GPT-OSS Models#

This page provides detailed technical specifications for the OpenAI GPT-OSS model family supported by NeMo Customizer. For supported features and capabilities, refer to Tested Models.

Before You Start#

Ensure that hfTargetDownload is enabled in the Helm configuration and that a Hugging Face API key secret is available.

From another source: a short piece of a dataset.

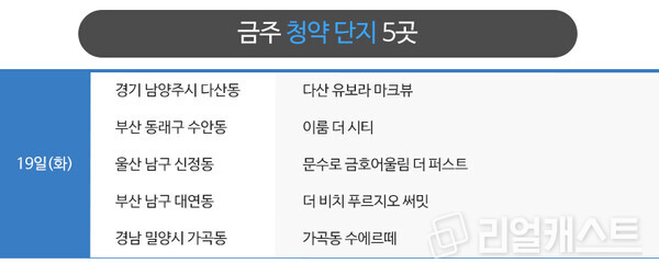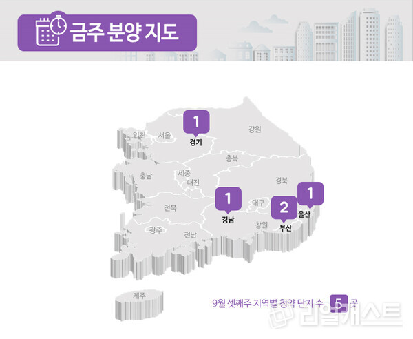 금주 분양물량은 수도권 1곳을 제외하고, 모두 부울경(부산, 울산, 경남)에 위치하고 있습니다.

Refer to the Hugging Face API Key Secret Guide for setup instructions.


GPT-OSS 20B#

Property

Value

Creator

OpenAI

Architecture

Mixture of Experts (MoE) Transformer

Description

GPT-OSS 20B provides lower latency for local or specialized use cases, featuring full chain-of-thought reasoning and agentic capabilities.

Max I/O Tokens

Not specified

Parameters

21B parameters (3.6B active parameters)

Training Data

Trained on harmony response format

Memory Requirements

Runs within 16GB of memory with MXFP4 quantization

Recommended GPU Count for Customization

8

Default Name

openai/gpt-oss-20b

HF Model URI

hf://openai/gpt-oss-20b

Training Options (20B)#

  • All Weights

  • Sequence Packing: Not supported

Default training max sequence length: 2048.

GPT-OSS 120B#

Property

Value

Creator

OpenAI

Architecture

Mixture of Experts (MoE) Transformer

Description

GPT-OSS 120B supports production, general purpose, and high reasoning use cases with advanced generation capabilities at scale.

Max I/O Tokens

Not specified

Parameters

117B parameters (5.1B active parameters)

Training Data

Trained on harmony response format

Memory Requirements

Fits on a single 80GB GPU (NVIDIA H100 or AMD MI300X) with MXFP4 quantization

Recommended GPU Count for Customization

Single H100 node

Default Name

openai/gpt-oss-120b

HF Model URI

hf://openai/gpt-oss-120b

Training Options (120B)#

  • All Weights

  • Sequence Packing: Not supported

Usage Recommendations#

Reasoning Levels#

Both GPT-OSS models support configurable reasoning levels that you can set in system prompts:

  • Low: Fast responses for general dialogue

  • Medium: Balanced speed and detail

  • High: Deep and detailed analysis

Example: Set reasoning level using “Reasoning: high” in the system prompt.

Model Selection Guidelines#

  • GPT-OSS 20B: Ideal for lower latency requirements, local deployment, specialized use cases, and consumer hardware (with Ollama support)

  • GPT-OSS 120B: Best for production environments, complex reasoning tasks, and scenarios requiring full capability within single-GPU constraints

Important Usage Note#

Both models use the harmony response format and require this format for proper functionality.

Note

Sequence packing and LoRA is not supported for GPT-OSS models in NeMo Customizer.